In DKT v DKU [2025] SGCA 23, the Court of Appeal dismissed what it described as a “baseless appeal” against the High Court’s refusal to set aside an arbitral award. The Court held that the appellant’s numerous complaints were in substance impermissible attempts to challenge the merits of the award, thinly framed as natural justice arguments to fit within the limited grounds for setting aside under section 48(1) of the Singapore Arbitration Act 2001.
The dispute concerned maintenance contracts under which the appellant had submitted at least 278 claims for crack repair works. A consultancy’s expert report found many works incomplete or not performed in accordance with the agreed method. Relying primarily on this report, the respondent commenced arbitration for breaches of contracts. The tribunal accepted the expert report and awarded about SGD 2 million to the respondent.
On appeal, the appellant raised three natural justice challenges: that the tribunal ignored certain pleaded defences, failed to consider arguments about core samples allegedly taken from wrong locations, and adopted an unexpected chain of reasoning on that sampling issue.
The Court rejected all three challenges. As for the first two natural justice complaints–both framed as infra petita claims that the tribunal failed to consider issues properly before it–the Court cautioned against the growing tendency of award debtors to misuse this ground and set out a clear four-part framework for assessing such claims.
First, the point must have been properly raised before the tribunal. Second, the point must have been essential to the resolution of the dispute. Third, the tribunal must have completely failed to consider the point. Fourth, the omission must have resulted in actual prejudice.
Applying its four-part framework, the Court found that both infra petita claims failed immediately.

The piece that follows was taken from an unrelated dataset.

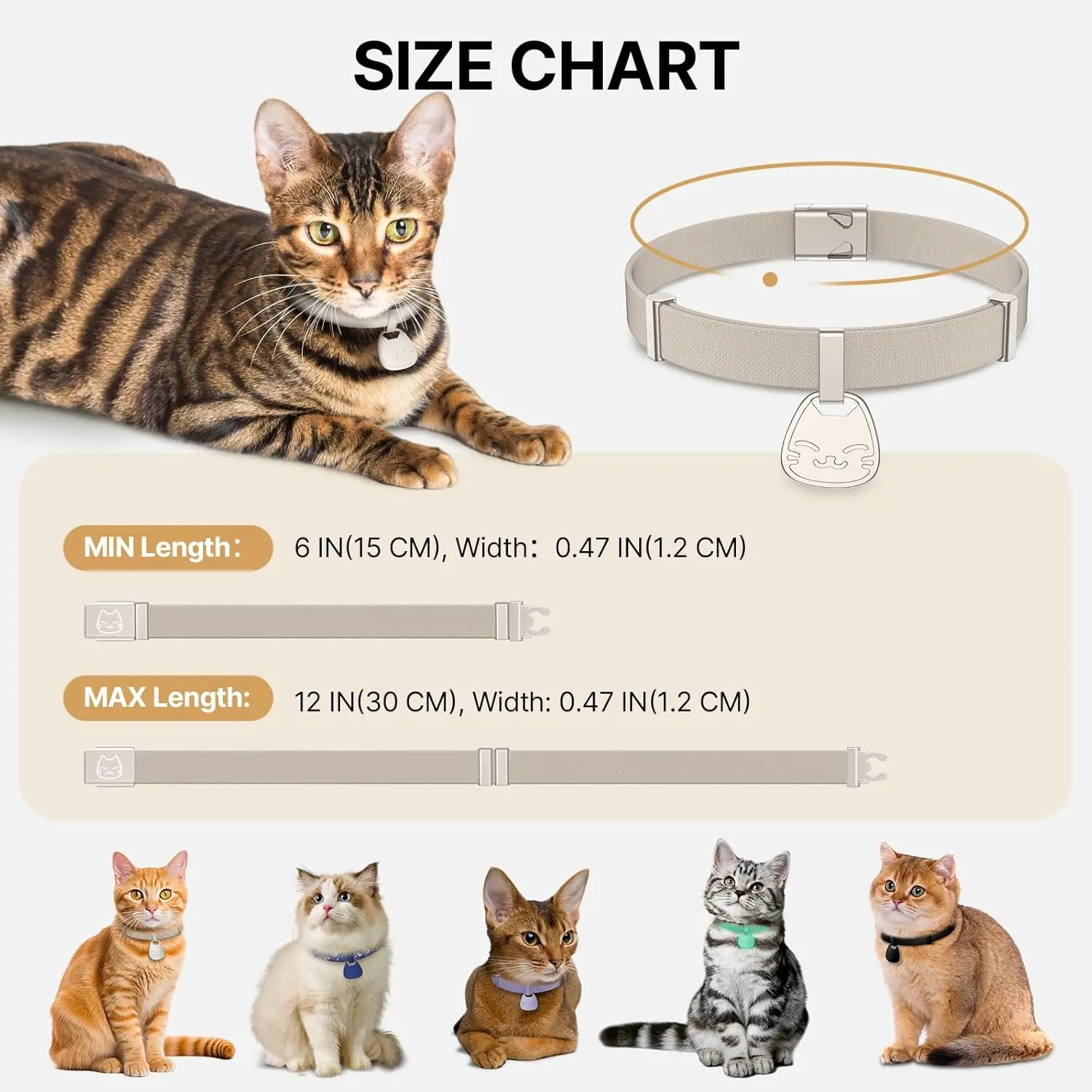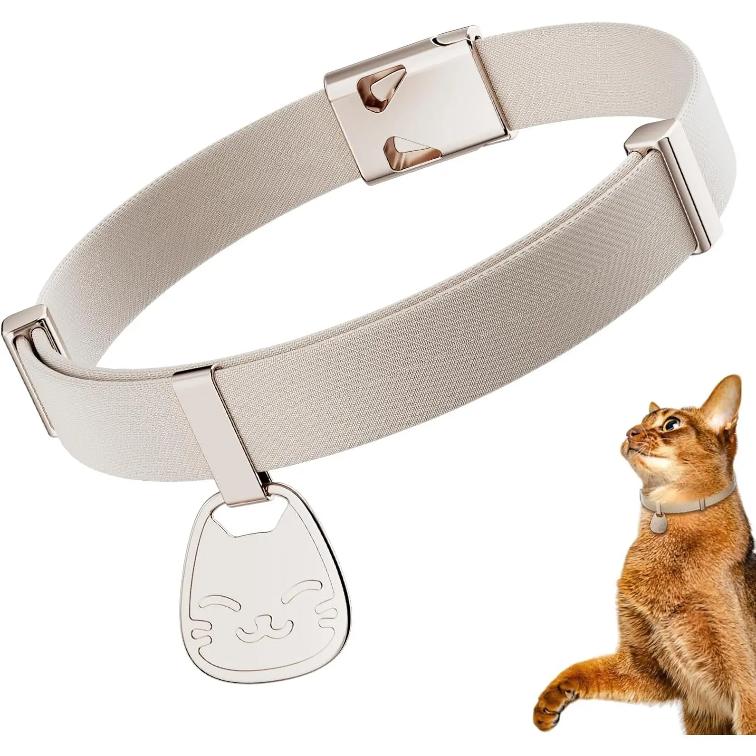 Cat Collar with Name Tag Breakaway: Kitten Collars for Girl Boy Cats with Writable Name Tags, Ultra Soft & Elastic Adjustable (6"-12") Cat Collar with Break Away Safety Buckle, Khaki

The tribunal had in fact addressed the pleaded defences, examined their factual premises, and found no evidential support. It had also expressly considered the mistaken core samples, explained why the error was immaterial, and confirmed that the remaining evidence supported the respondent’s case. The Court emphasized that infra petita review concerns only whether an issue was considered, not the correctness or sufficiency of the tribunal’s analysis.
The chain-of-reasoning complaint also failed. The Court reiterated that such challenges succeed only where a tribunal adopts reasoning that the parties had no notice of or that is so disconnected from their arguments that they could not address it. Here, the appellant’s complaint was really an attack on the reliability of the expert report, not a fair hearing issue. The tribunal had expressly considered the sampling error, accepted the respondent’s submission that there was no natural justice concern, and treated the error as going only to evidential weight. Its conclusion that the report remained reliable and unrebutted could not have taken the parties by surprise.
The Court dismissed the appeal and ordered indemnity costs against the appellant. This decision reinforces the Court’s consistent position that natural justice and infra petita challenges cannot be used to reopen the merits of an arbitral award. It confirms that tribunals are not required to provide elaborate reasoning, that chain-of-reasoning challenges are strictly confined, and that unmeritorious attempts to re-litigate will attract indemnity costs.